# PyTorch - Revisited

In the previous lab you implemented backpropagation for a simple neural network, just using Numpy. This lab you will learn how PyTorch could have saved you a lot of time.


In [0]:
import torch
import numpy as np

### PyTorch Autograd
To compute the gradient of the loss function w.r.t. all the model parameters you had to manually check how these parameters were involved in computing the neural network's output. You saw how computing these gradients basically came down to applying the chain rule. Recall your sigmoid implementation from the previous lab assignment:




In [0]:
def sigmoid(X):
    return 1 / (1 + np.exp(-X))


def dsigmoid(X):
    sig=sigmoid(X)
    return sig * (1 - sig)


In PyTorch, sigmoid is already defined and would look something like this:

In [0]:
from torch.autograd import Function

class SigmoidFunction(Function):

    @staticmethod
    def forward(ctx, x):
        sigmoid = 1 / (1 + torch.exp(-x))
        ctx.save_for_backward(sigmoid)
        return sigmoid

    @staticmethod
    def backward(ctx, grad_output):
        sigmoid, = ctx.saved_tensors
        return sigmoid * (1 - sigmoid) * grad_output


It contains a function that defines what happens during the forward pass, and a function that defines how to compute the gradient during the backward pass. Also, it stores relevant information that was computed during the forward pass so it can be reused during the backward pass. In the Numpy example, sigmoid(x) had to be recomputed when computing the gradient. Here it is stored in a context argument.

Many commonly used functions have already been defined in PyTorch and the code you usually write are just compositions of these functions. PyTorch thus already knows how to compute the gradients for the models you build! It is very rare that you would have to define the gradient of any function!
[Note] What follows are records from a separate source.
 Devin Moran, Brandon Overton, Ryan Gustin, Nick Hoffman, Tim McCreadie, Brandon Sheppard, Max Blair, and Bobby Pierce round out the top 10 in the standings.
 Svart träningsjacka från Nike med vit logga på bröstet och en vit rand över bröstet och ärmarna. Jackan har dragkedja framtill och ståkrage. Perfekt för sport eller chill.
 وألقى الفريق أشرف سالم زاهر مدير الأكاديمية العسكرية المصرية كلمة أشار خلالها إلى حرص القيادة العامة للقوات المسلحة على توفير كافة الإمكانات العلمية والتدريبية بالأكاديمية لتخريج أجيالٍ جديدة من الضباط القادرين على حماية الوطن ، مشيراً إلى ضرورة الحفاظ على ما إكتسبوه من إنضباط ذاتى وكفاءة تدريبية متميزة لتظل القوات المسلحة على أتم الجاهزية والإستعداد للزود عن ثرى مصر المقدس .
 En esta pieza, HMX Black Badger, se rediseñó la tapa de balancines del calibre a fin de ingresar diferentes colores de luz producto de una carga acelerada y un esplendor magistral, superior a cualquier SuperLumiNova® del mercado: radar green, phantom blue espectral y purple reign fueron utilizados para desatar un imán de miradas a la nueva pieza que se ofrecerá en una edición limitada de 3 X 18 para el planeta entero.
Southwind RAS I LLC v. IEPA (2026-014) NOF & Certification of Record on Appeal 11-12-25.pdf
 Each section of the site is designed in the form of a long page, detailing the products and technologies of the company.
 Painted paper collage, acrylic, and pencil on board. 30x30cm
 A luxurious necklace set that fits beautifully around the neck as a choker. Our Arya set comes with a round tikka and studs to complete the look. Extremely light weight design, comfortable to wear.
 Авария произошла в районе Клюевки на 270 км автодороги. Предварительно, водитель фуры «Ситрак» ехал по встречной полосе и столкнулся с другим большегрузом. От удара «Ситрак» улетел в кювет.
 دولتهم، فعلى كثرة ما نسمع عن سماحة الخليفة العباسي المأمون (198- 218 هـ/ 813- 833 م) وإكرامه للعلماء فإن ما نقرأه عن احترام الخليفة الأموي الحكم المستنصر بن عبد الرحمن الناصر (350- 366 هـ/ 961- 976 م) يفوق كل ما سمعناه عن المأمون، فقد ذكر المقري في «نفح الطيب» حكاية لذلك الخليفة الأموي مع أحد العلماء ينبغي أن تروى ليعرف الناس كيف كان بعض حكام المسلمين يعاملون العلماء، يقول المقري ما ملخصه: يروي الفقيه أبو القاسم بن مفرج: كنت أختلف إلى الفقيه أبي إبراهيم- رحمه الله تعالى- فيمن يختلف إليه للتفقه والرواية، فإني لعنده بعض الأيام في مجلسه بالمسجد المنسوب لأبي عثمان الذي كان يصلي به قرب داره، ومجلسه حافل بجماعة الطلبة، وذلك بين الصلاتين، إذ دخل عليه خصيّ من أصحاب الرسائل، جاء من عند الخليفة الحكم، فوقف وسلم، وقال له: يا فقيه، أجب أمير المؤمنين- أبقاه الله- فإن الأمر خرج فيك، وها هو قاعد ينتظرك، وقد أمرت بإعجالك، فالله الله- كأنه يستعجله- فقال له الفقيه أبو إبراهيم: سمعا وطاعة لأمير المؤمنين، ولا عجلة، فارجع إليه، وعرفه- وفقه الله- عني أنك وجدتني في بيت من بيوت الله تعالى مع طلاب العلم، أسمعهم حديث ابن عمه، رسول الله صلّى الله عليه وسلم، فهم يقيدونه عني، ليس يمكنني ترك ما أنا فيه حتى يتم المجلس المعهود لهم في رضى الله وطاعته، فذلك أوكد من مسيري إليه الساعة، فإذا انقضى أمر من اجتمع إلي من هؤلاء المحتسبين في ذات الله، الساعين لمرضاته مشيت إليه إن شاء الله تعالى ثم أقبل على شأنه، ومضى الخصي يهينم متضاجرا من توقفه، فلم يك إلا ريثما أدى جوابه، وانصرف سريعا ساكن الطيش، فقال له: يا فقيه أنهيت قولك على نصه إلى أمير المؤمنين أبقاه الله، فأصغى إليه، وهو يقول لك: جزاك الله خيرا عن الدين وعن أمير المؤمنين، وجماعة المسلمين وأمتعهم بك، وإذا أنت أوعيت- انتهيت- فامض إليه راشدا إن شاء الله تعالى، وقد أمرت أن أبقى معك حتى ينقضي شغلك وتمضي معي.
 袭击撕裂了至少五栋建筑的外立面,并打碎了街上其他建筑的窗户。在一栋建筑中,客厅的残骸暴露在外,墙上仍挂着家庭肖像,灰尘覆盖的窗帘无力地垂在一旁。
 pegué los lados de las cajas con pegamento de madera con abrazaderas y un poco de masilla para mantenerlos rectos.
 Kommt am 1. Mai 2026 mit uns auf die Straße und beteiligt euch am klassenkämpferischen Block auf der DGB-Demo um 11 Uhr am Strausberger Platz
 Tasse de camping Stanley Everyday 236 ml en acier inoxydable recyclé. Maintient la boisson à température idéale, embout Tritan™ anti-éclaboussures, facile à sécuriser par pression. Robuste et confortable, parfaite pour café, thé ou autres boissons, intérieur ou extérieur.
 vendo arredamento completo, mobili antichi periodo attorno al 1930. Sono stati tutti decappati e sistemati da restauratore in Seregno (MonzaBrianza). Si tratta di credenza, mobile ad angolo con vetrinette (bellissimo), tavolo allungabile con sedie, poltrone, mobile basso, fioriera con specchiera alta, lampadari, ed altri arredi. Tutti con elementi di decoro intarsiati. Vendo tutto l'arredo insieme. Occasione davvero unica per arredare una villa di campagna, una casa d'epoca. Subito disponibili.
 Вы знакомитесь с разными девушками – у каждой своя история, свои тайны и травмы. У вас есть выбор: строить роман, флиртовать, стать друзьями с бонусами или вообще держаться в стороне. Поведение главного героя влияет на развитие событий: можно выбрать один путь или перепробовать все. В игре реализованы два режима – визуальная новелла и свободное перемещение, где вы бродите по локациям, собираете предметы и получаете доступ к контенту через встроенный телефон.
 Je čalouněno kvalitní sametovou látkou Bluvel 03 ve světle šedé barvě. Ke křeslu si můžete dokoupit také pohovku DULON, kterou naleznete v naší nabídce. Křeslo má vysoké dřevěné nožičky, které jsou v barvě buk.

Let's look at an example. Suppose that, for simplicity, we take our model to be a single neuron of fixed size:

In [0]:
class Neuron:

  def __init__(self):
    self.weights = torch.randn(5)
    self.bias = torch.randn(1)
  
  def forward(self, x):
    return torch.sigmoid(torch.sum(self.weights * x) + self.bias)


neuron = Neuron()

Now, when given some labeled data, PyTorch can compute the gradient of a loss function w.r.t. the model parameters without explicitly having to define how this need to be done.

In [51]:
# Define a loss function
mse = torch.nn.MSELoss()

# Create a random (data, label) pair
data, label = torch.randn(5), torch.randn(1)

# Compute the loss
loss = mse(neuron.forward(data), label)

# Perform a backward pass to compute the gradients
loss.backward()

# Print the gradients corresponding to the model weights
neuron.weights.grad


tensor([-0.0117,  0.0813, -0.0145,  0.1313,  0.0212])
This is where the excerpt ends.